History
- Name: PS Barry (1907–1917); HMS Barryfield (1917–1918); PS Barry (1918–1926); PS Waverley (1926–1939); HMS Snaefell (1939–1941);
- Owner: Barry Railway Company (1907–1907); Bristol Channel Passenger Boats (1907–1911); P & A Campbell (1911–1941);
- Operator: Royal Navy (1917–1918); Royal Navy (1939–1941);
- Builder: John Brown & Company, Clydebank
- Launched: 4 May 1907
- Fate: Bombed and sunk, 5 July 1941

General characteristics
- Type: Paddle steamer
- Tonnage: 466

= HMS Snaefell =

Clyde-built paddle steamer (1907 - 1941)

HMS Snaefell was a paddle steamer, built at John Brown & Company's Clydebank shipyard for the Barry Railway Company and launched in 1907 as the PS Barry. Built to serve as a pleasure steamer carrying passengers on the Bristol Channel, she was quickly transferred to the ownership of Bristol Channel Passenger Boats which in 1911 became part of P & A Campbell.

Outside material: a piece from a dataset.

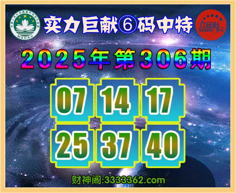 306期:《实力巨献》 🌳⑥码中特🌳【07.14.17.25.37.40】开:17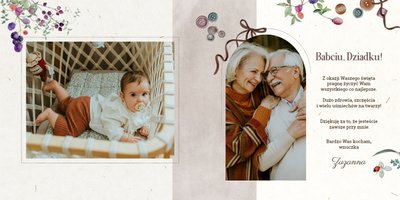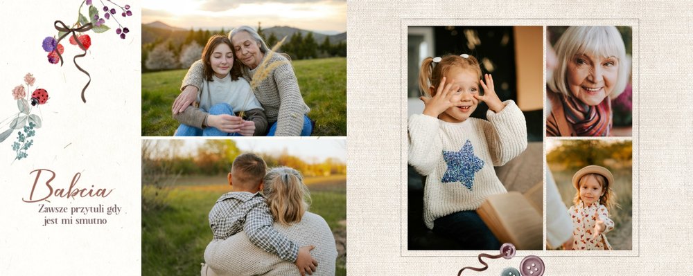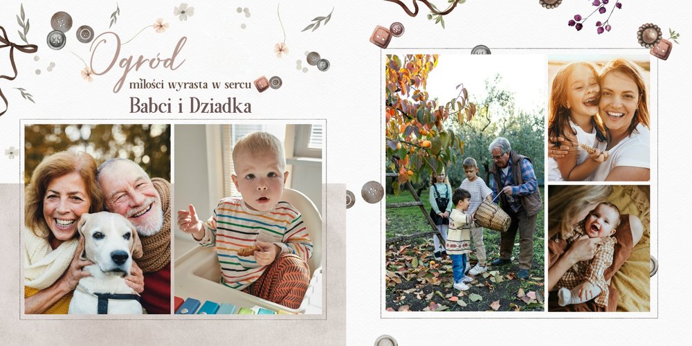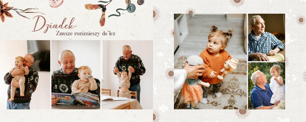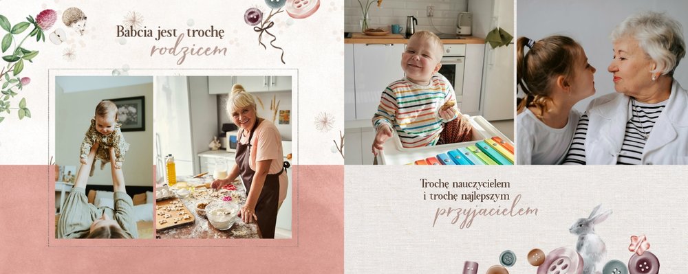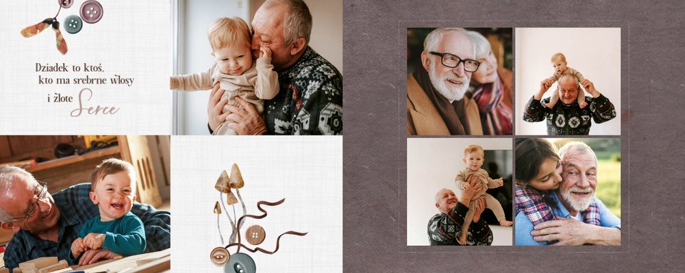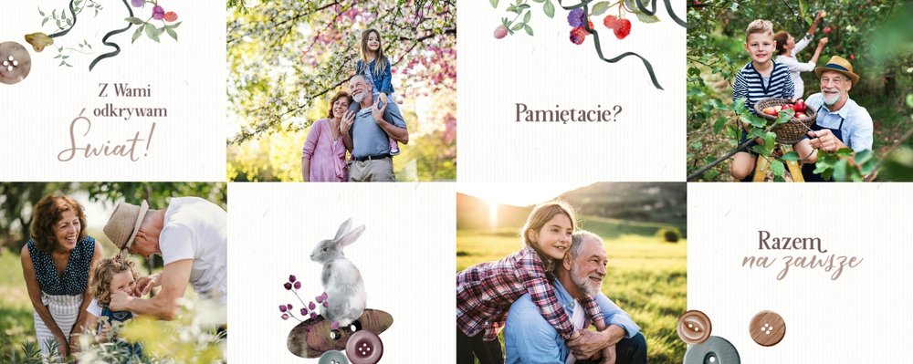 Dzień Babci i Dziadka to idealna okazja, aby razem z Twoim dzieckiem stworzyć wyjątkowy prezent, podarowany prosto od serca. Sposobem na wyrażenie swojej wdzięczności dla najbliższych jest podarowanie im najcenniejszych wspomnień zamkniętych w szablonie fotoalbumu "Na Dzień Babci i Dziadka".

She was requisitioned by the Royal Navy during World War I and renamed HMS Barryfield serving during the Gallipoli Campaign where she was the last British ship to leave Suvla Bay evacuating British soldiers. After the war she returned to passenger service in November 1919 under the name Barry, was refitted in 1920 and renamed PS Waverley in 1925.

Requisitioned by the Royal Navy at the outbreak of World War II she was renamed again in 1939, this time to HMS Snaefell to avoid confusion with another paddle steamer Waverley which had already been requisitioned from London and North Eastern Railway, and assigned to the 8th Minesweeping Flotilla. She was one of the flotilla of ships at the Dunkirk evacuation making two trips across the channel, credited with rescuing 981 soldiers and freeing another ship which had run aground, the Glen Gower. Sunk by a German Luftwaffe bomber on 5 July 1941 with three fatalities but her other nine crew rescued, her wreck was located off the coast of Sunderland in 2010.